Fireproof sealing materials protect steel structures through excellent thermal insulation and sealing properties, with a working logic directly focused on maintaining steel strength:

 

  • Sealing heat transfer paths: Steel structures have numerous gaps, which are main channels for high-temperature smoke and heat intrusion. Fireproof sealing materials expand and form a dense carbonaceous crust when heated. With this protective layer, materials seal gaps between steel structural components, block heat transfer paths, and avoid direct high-temperature exposure of steel.

 

  • High-efficiency insulation: The popular fireproof sealing materials, like rock wool, are non-combustible. With proper gap sealing, these materials form an insulation layer on the steel structure surface can reduce heat transfer rate. Even under severe circumstances, this layer can slow the temperature rise of steel structure, and ensure that it has sufficient load-bearing capacity during the designated fire resistance period.

 

  • High-temperature stability: Under high temperatures, qualified fireproof sealing materials won't melt or decompose, let alone lose sealing and insulation performance. Such materials can maintain stability throughout the specified fire resistance period and protect structural integrity from start to finish.

 

3. Core Values of Fireproof Sealing Materials: Safety, Economy and Compliance

The value of fireproof sealing materials extends beyond "gap sealing" to comprehensive fire safety guarantees for steel structures, summarized in three core aspects:

 

  • Safety guarantee: Fireproof sealing materials maintain steel strength in fires to prevent structural collapse, avoid collapse-caused casualties and protect building occupants. It is particularly critical for large public buildings (e.g., malls, stadiums) and high-rise steel structures.

 

  • Economic value: Fireproof sealing materials make up a small share of steel structure construction costs but avoid massive economic losses from fire-caused structural damage. Steel structure collapse in fires causes incalculable losses to buildings, internal equipment and property. As a "low-cost, high-return" fire protection measure, fireproof sealing materials effectively reduce fire-related economic risks.

 

  • Regulatory compliance: Countries have clear fire codes for steel structure buildings, requiring steel components to meet specified fire resistance ratings. Fireproof sealing materials are key to meeting these requirements.

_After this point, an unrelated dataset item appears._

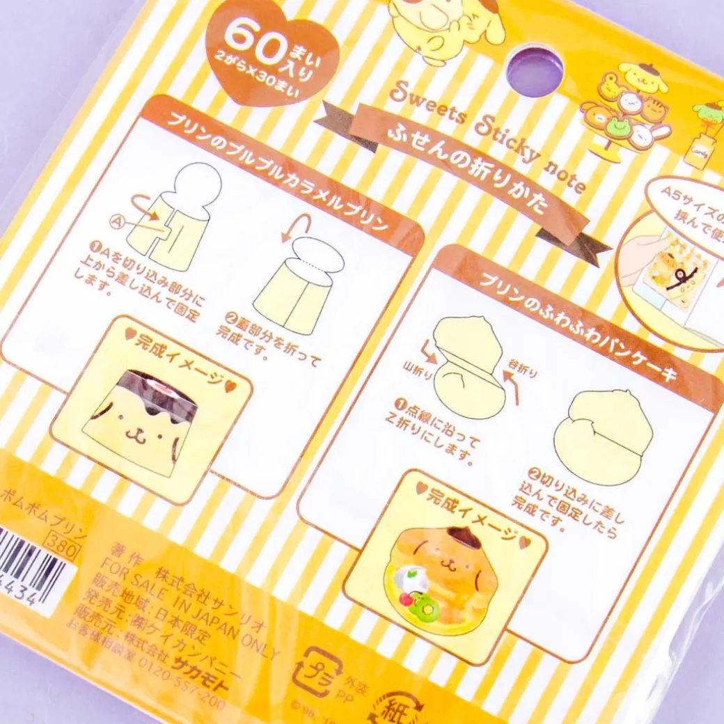 - A set of foldable sticky bookmarks featuring Pompompurin, Japanese pancake, and a pudding

Proper selection and use ensure steel structure buildings pass fire inspections, comply with national safety standards and avoid non-compliance-related legal risks.

 

4. Key Reminder: Selection and Construction Determine Protection Effectiveness

To fully exert the core value of fireproof sealing materials, relying solely on material performance is insufficient-proper selection and standardized construction are also critical:

 

  • Selection: Choose fireproof sealing materials that meet project fire resistance requirements, matching steel component types and gap characteristics (e.g., static vs. dynamic gaps). For example, intumescent fireproof sealants suit slightly deformable dynamic gaps, while fireproof putty is for small static gaps.

 

  • Construction: Ensure gaps are clean and dry before construction; fill sealing materials densely without gaps or bubbles. For pipeline penetrations, cooperate with fire sleeves and other components to form a complete fire protection system.

 

Conclusion

Maintaining steel structure strength in fire is core to steel building fire safety, and fireproof sealing materials are key to achieving this. Their core value lies in blocking heat transfer, sustaining steel load-bearing capacity, and further realizing safety protection, economic loss reduction and regulatory compliance. In steel structure design and construction, the role of fireproof sealing materials must not be overlooked-only by refining every fire protection detail can the safety value of steel structures be maximized.